Each line of the data is to be output verbatim, with the images removed.

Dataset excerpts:

- - - - - - -

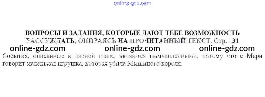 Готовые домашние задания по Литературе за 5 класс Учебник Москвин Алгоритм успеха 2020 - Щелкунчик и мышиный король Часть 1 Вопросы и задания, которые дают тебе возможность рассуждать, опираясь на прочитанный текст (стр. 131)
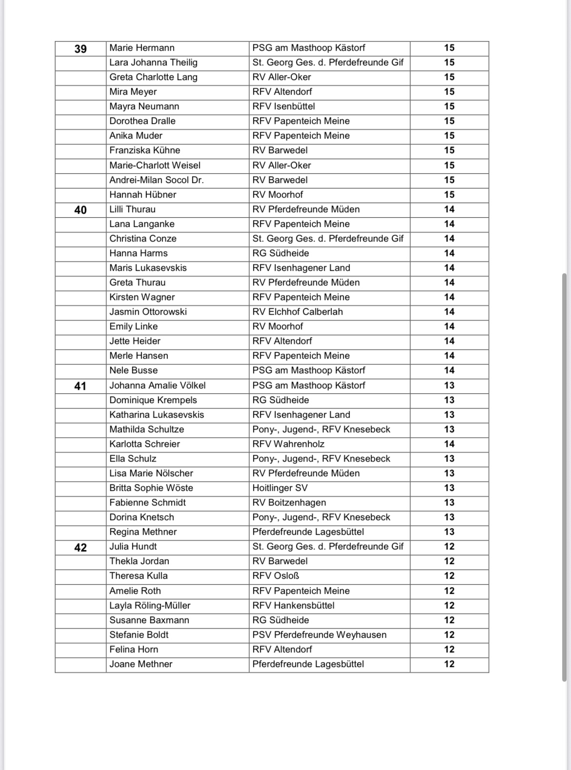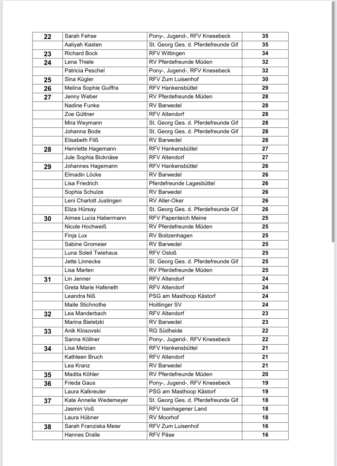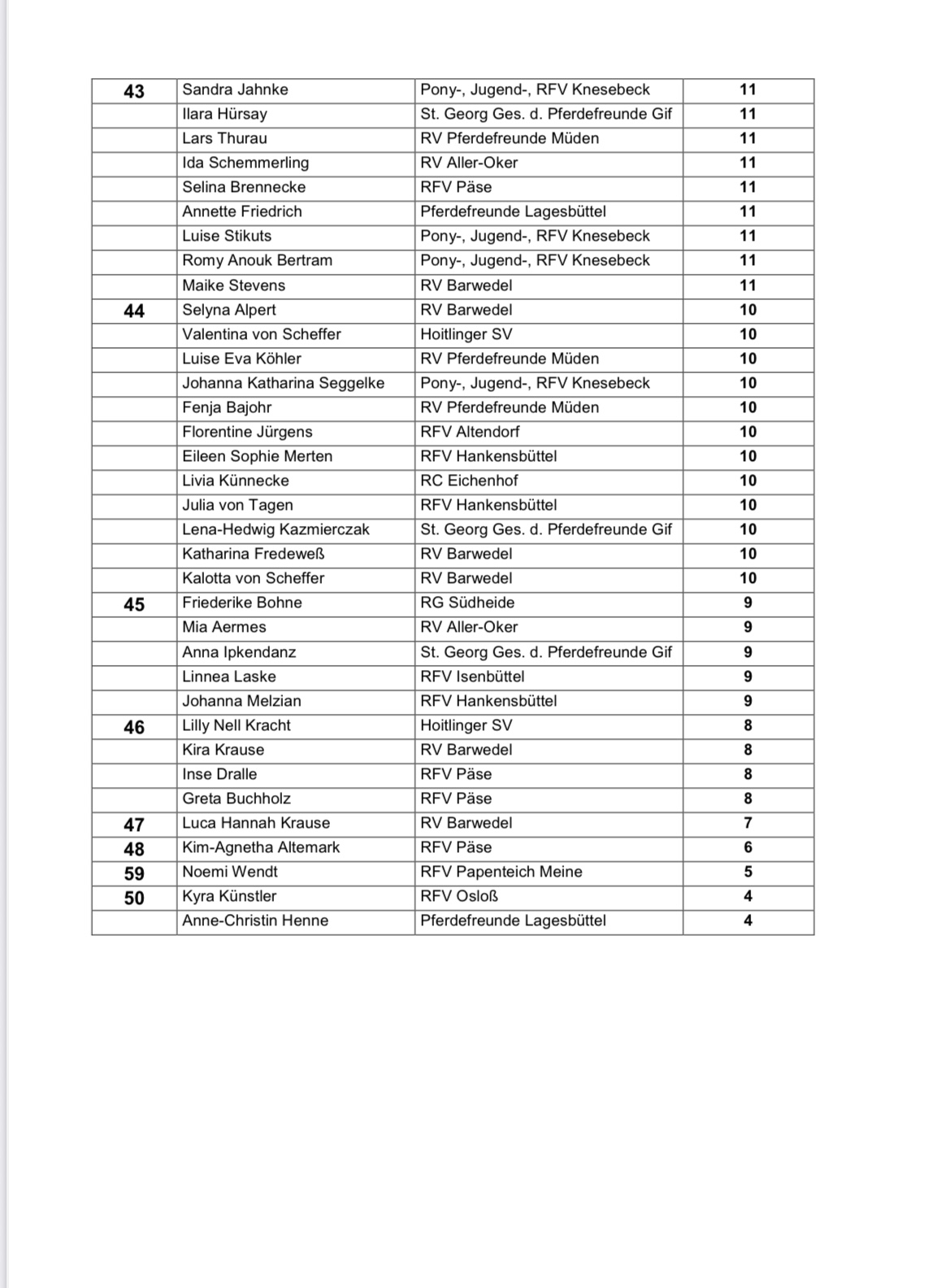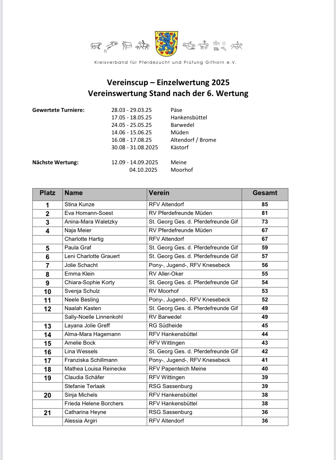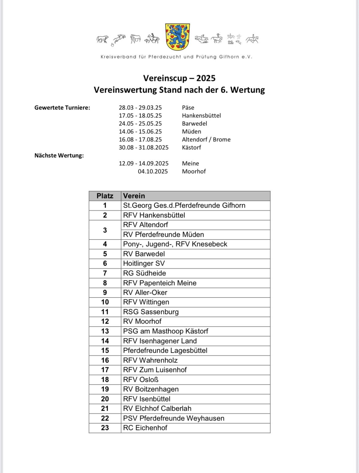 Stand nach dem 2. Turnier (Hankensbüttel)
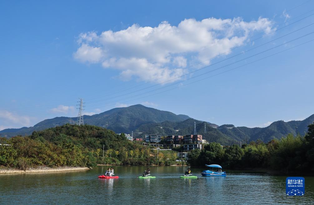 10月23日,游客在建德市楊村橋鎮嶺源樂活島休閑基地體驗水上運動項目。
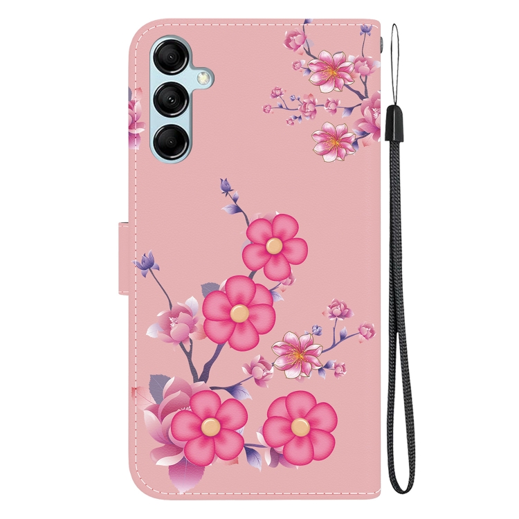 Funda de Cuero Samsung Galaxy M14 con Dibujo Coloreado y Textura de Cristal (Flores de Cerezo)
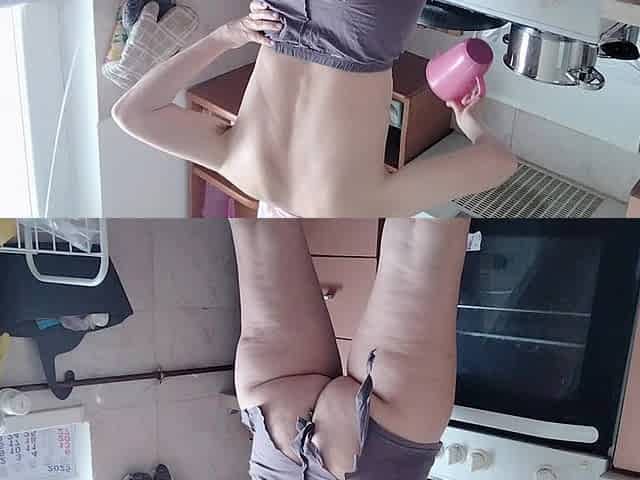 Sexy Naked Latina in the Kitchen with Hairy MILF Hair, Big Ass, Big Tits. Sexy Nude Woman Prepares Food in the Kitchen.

- - - - - - -

PROBLEM SOLUTION:
 Готовые домашние задания по Литературе за 5 класс Учебник Москвин Алгоритм успеха 2020 - Щелкунчик и мышиный король Часть 1 Вопросы и задания, которые дают тебе возможность рассуждать, опираясь на прочитанный текст (стр. 131)
 Stand nach dem 2. Turnier (Hankensbüttel)
 10月23日,游客在建德市楊村橋鎮嶺源樂活島休閑基地體驗水上運動項目。
 Funda de Cuero Samsung Galaxy M14 con Dibujo Coloreado y Textura de Cristal (Flores de Cerezo)
 Sexy Naked Latina in the Kitchen with Hairy MILF Hair, Big Ass, Big Tits. Sexy Nude Woman Prepares Food in the Kitchen.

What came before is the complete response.